## WORK REQUEST
Write out the listing from the line with "附件1:新疆农业大学2026" to the line with "杭州精品酒店室內(nèi)裝", both lines included, exactly and nothing beyond. Leave pictures out.

*** Block opens ***

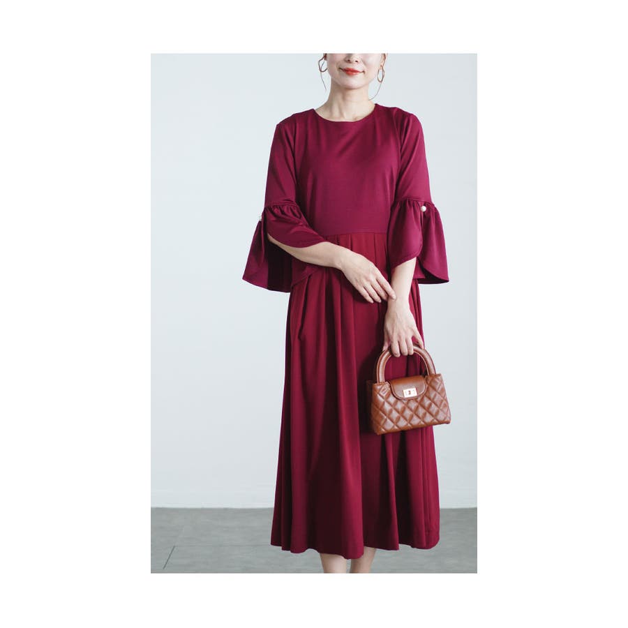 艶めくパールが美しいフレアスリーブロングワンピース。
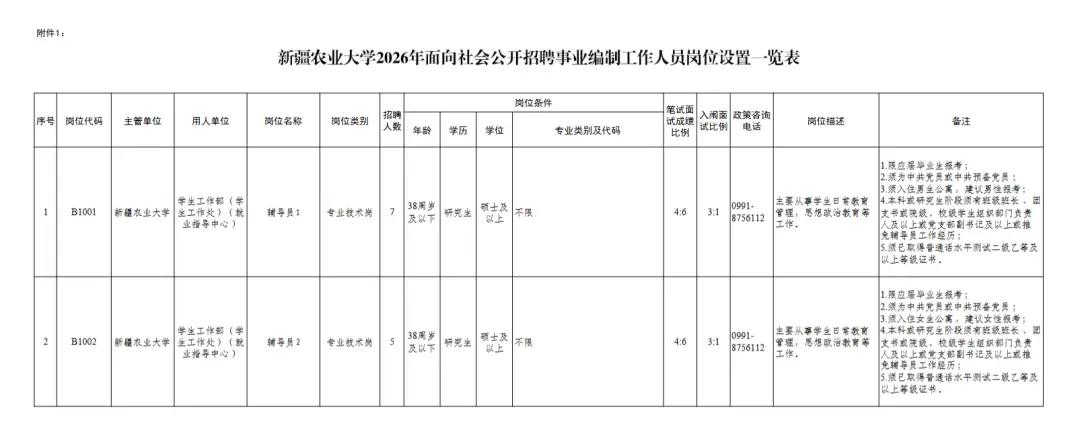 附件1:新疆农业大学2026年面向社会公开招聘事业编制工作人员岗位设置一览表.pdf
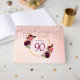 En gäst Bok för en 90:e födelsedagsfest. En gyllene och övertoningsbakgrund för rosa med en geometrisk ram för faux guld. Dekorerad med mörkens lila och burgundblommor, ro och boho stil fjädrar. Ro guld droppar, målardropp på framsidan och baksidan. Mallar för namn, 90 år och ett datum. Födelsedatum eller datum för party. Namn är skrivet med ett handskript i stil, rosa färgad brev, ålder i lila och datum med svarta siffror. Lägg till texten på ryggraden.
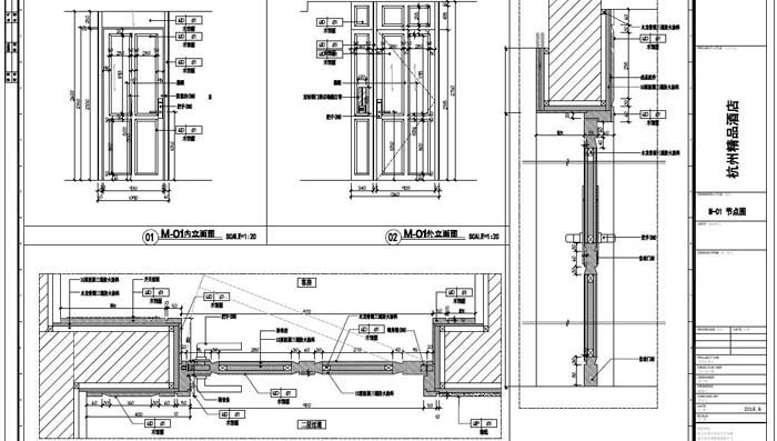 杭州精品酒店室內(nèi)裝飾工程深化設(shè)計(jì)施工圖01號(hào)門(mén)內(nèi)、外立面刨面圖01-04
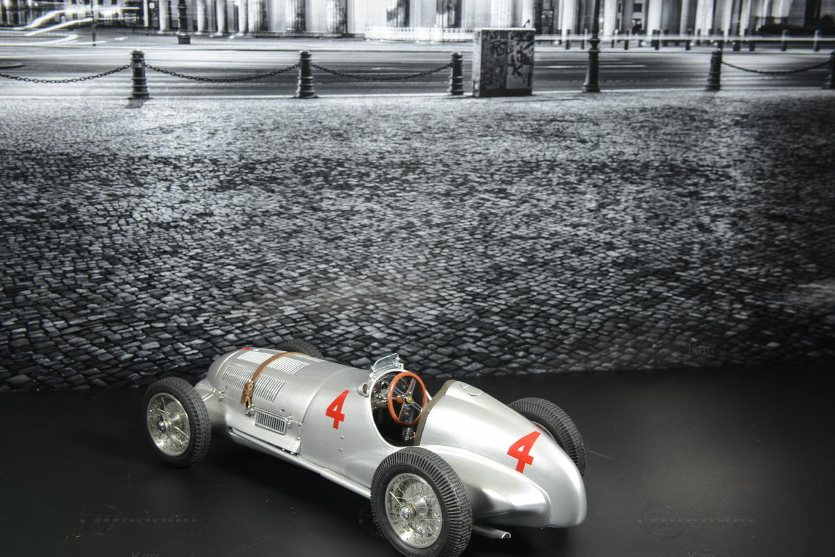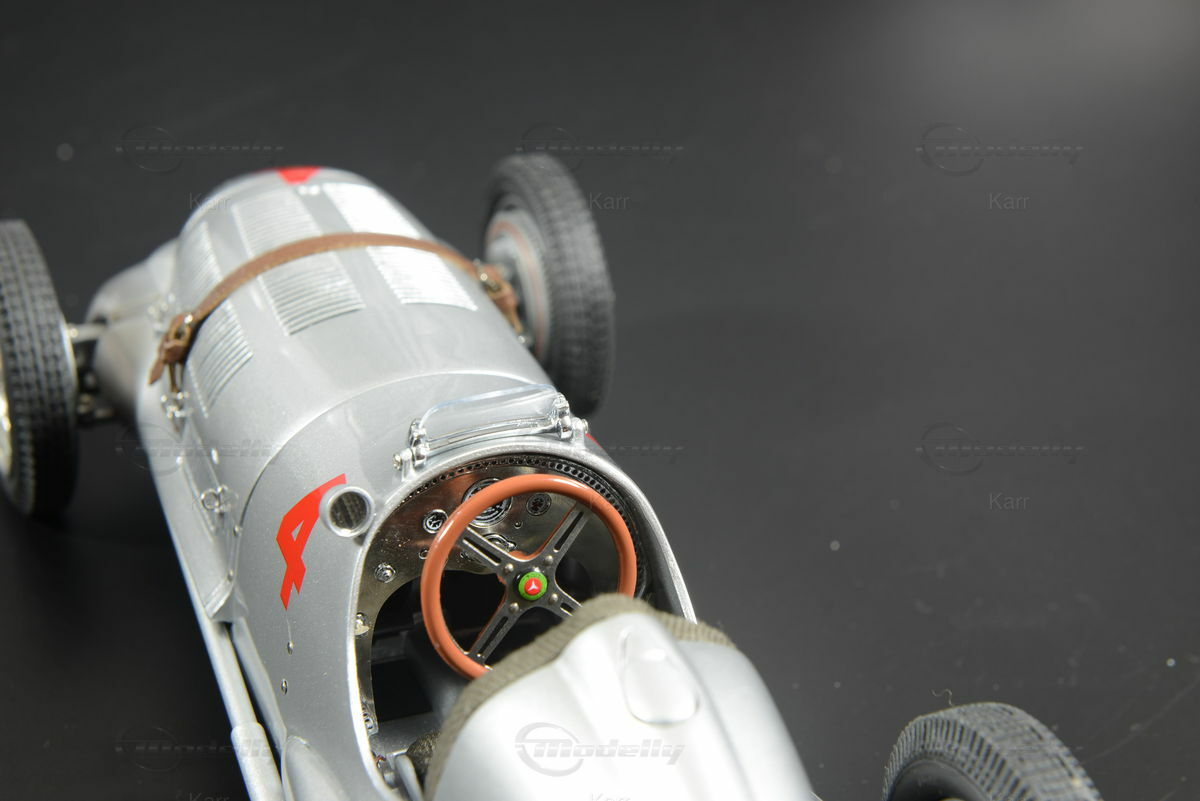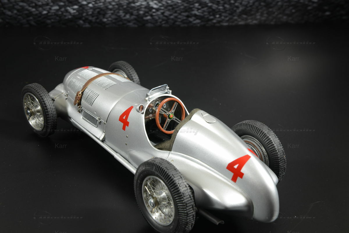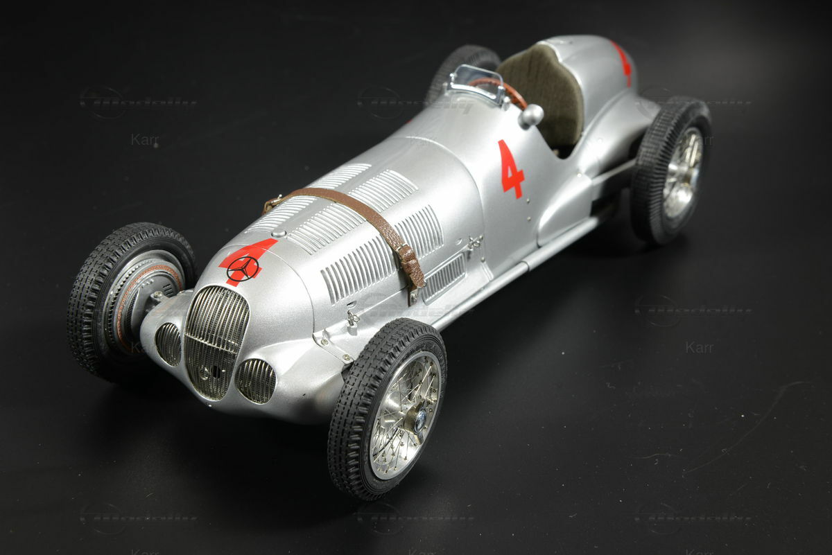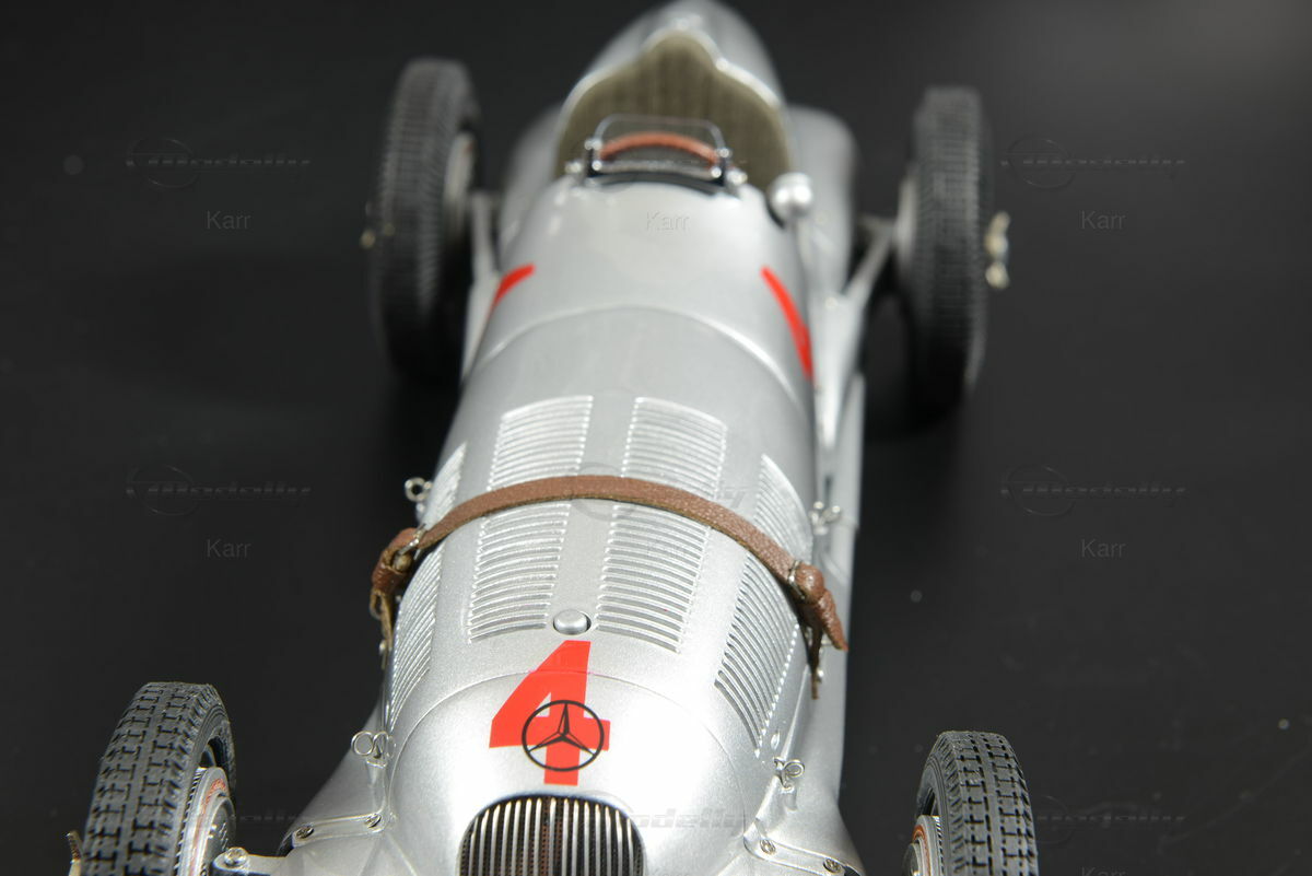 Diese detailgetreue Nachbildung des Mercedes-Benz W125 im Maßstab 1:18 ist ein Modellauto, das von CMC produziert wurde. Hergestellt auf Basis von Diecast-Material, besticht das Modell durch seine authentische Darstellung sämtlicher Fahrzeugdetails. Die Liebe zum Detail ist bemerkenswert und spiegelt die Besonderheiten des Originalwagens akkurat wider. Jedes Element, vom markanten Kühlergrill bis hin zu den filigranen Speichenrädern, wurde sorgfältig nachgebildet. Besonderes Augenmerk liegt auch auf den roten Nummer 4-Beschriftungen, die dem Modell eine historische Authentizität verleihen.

*** Block closes ***

## TASK RESPONSE
 附件1:新疆农业大学2026年面向社会公开招聘事业编制工作人员岗位设置一览表.pdf
 En gäst Bok för en 90:e födelsedagsfest. En gyllene och övertoningsbakgrund för rosa med en geometrisk ram för faux guld. Dekorerad med mörkens lila och burgundblommor, ro och boho stil fjädrar. Ro guld droppar, målardropp på framsidan och baksidan. Mallar för namn, 90 år och ett datum. Födelsedatum eller datum för party. Namn är skrivet med ett handskript i stil, rosa färgad brev, ålder i lila och datum med svarta siffror. Lägg till texten på ryggraden.
 杭州精品酒店室內(nèi)裝飾工程深化設(shè)計(jì)施工圖01號(hào)門(mén)內(nèi)、外立面刨面圖01-04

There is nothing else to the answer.